Re: Patch to support SEMI and ANTI join removal

From: Tom Lane <tgl(at)sss(dot)pgh(dot)pa(dot)us>
To: Jim Nasby <jim(at)nasby(dot)net>
Cc: Heikki Linnakangas <hlinnakangas(at)vmware(dot)com>, David Rowley <dgrowleyml(at)gmail(dot)com>, PostgreSQL-development <pgsql-hackers(at)postgresql(dot)org>
Subject: Re: Patch to support SEMI and ANTI join removal
Date: 2014-08-27 18:23:38
Message-ID: 2261.1409163818@sss.pgh.pa.us
Views: Raw Message | Whole Thread | Download mbox | Resend email
Thread:
Lists: pgsql-hackers

Jim Nasby <jim(at)nasby(dot)net> writes:
> On 8/26/14, 8:40 AM, Heikki Linnakangas wrote:
>> Just so everyone is on the same page on what kind of queries this helps with, here are some examples from the added regression tests:
>>
> -- Test join removals for semi and anti joins
> CREATE TEMP TABLE b (id INT NOT NULL PRIMARY KEY, val INT);
> CREATE TEMP TABLE a (id INT NOT NULL PRIMARY KEY, b_id INT REFERENCES b(id));
> -- should remove semi join to b
> EXPLAIN (COSTS OFF)
> SELECT id FROM a WHERE b_id IN(SELECT id FROM b);
> <snip>
> SELECT id FROM a WHERE EXISTS(SELECT 1 FROM b WHERE a.b_id = id);

> I also fail to see a use for examples that are that silly *unless* we're talking machine-generated SQL, but I suspect that normally uses JOINS.

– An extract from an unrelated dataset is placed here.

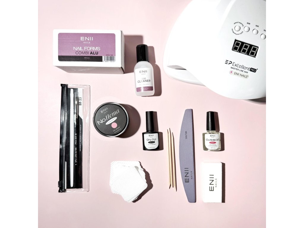 ENII Builder Gel NO HEMA – HOME & PROFI sada s lampou je kompletní profesionální balíček, který obsahuje vše potřebné pro šetrnou modeláž, zpevnění a přirozeně krásné nehty.
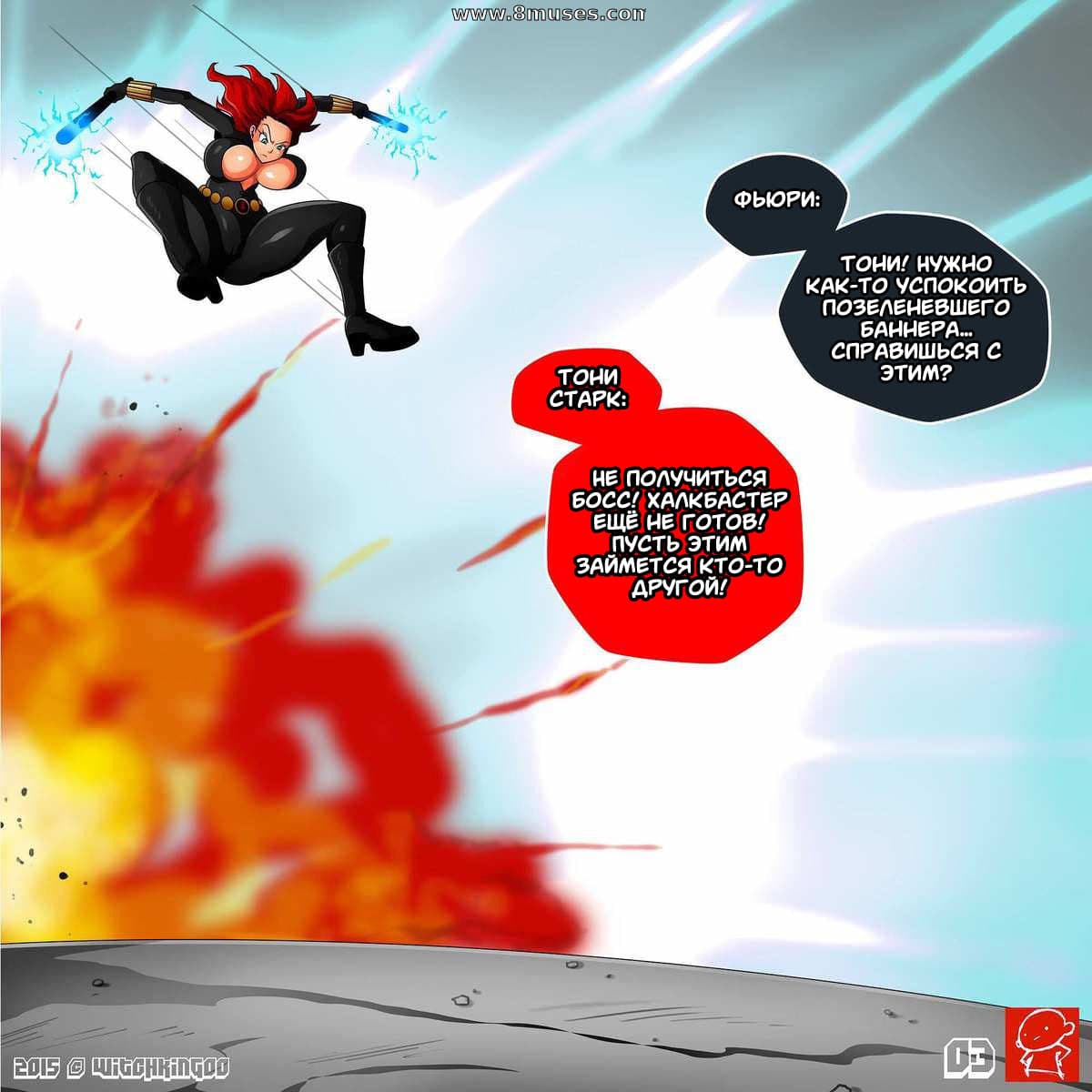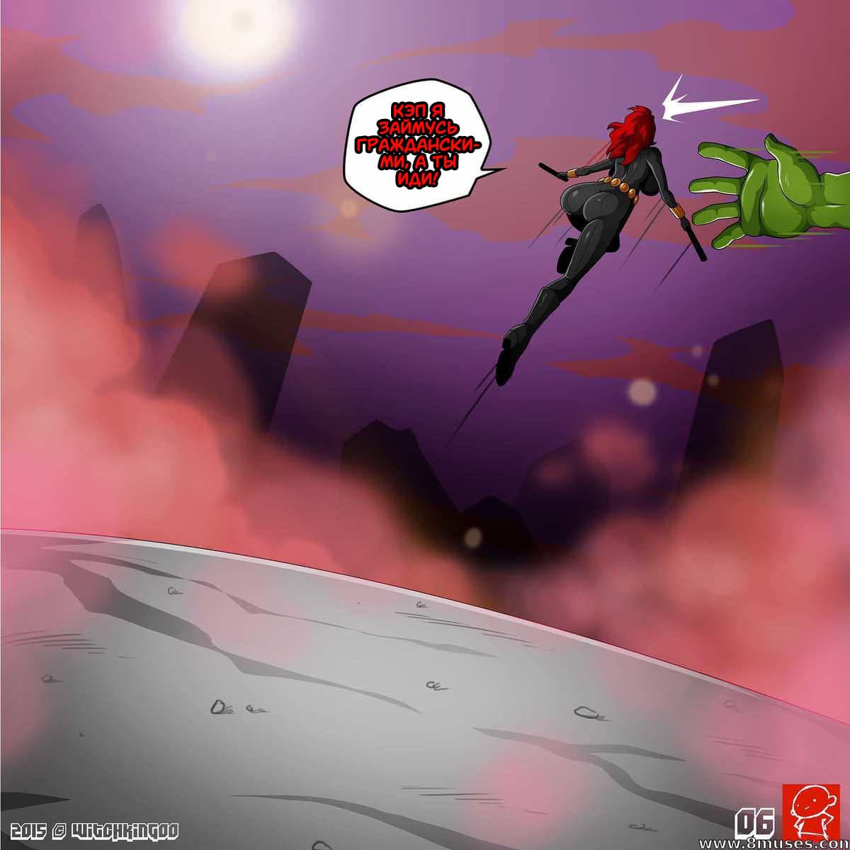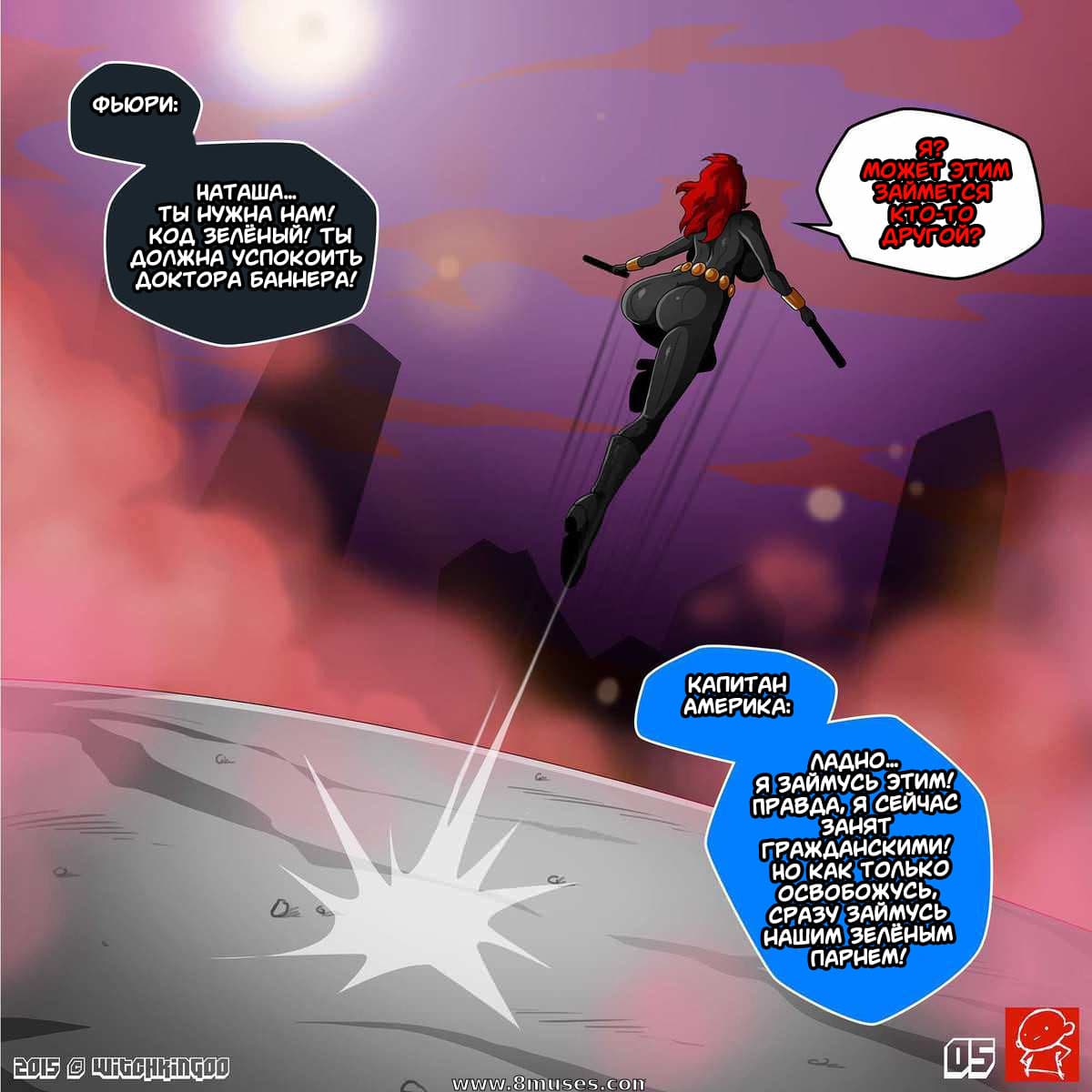 В данном комиксе для взрослых вы узнаете, новые интимные подробности из жизни Халка и Черной Вдовы. Оказывается Халк явно переполнен яростью, потому что сперматоксикоз давит на его затуманенные мозги. И чтобы, хоть, как-то успокоиться он в бешенстве ищет женскую особу для удовлетворения своих похотливых нужд. Как раз рядом оказалась аппетитная женщина герой – Черная Вдова. Тут и начинается развратное противостояние, о подробностях которого вы узнаете далее…

> Where I would expect this to be useful is in cases where we can pre-evaluate some other condition in the subqueries to make the subqueries useless (ie: SELECT id FROM b WHERE 1=1), or where the condition could be passed through (ie: SELECT id FROM b WHERE id=42). Another possibility would be if there's a condition in the subquery that could trigger constraint elimination.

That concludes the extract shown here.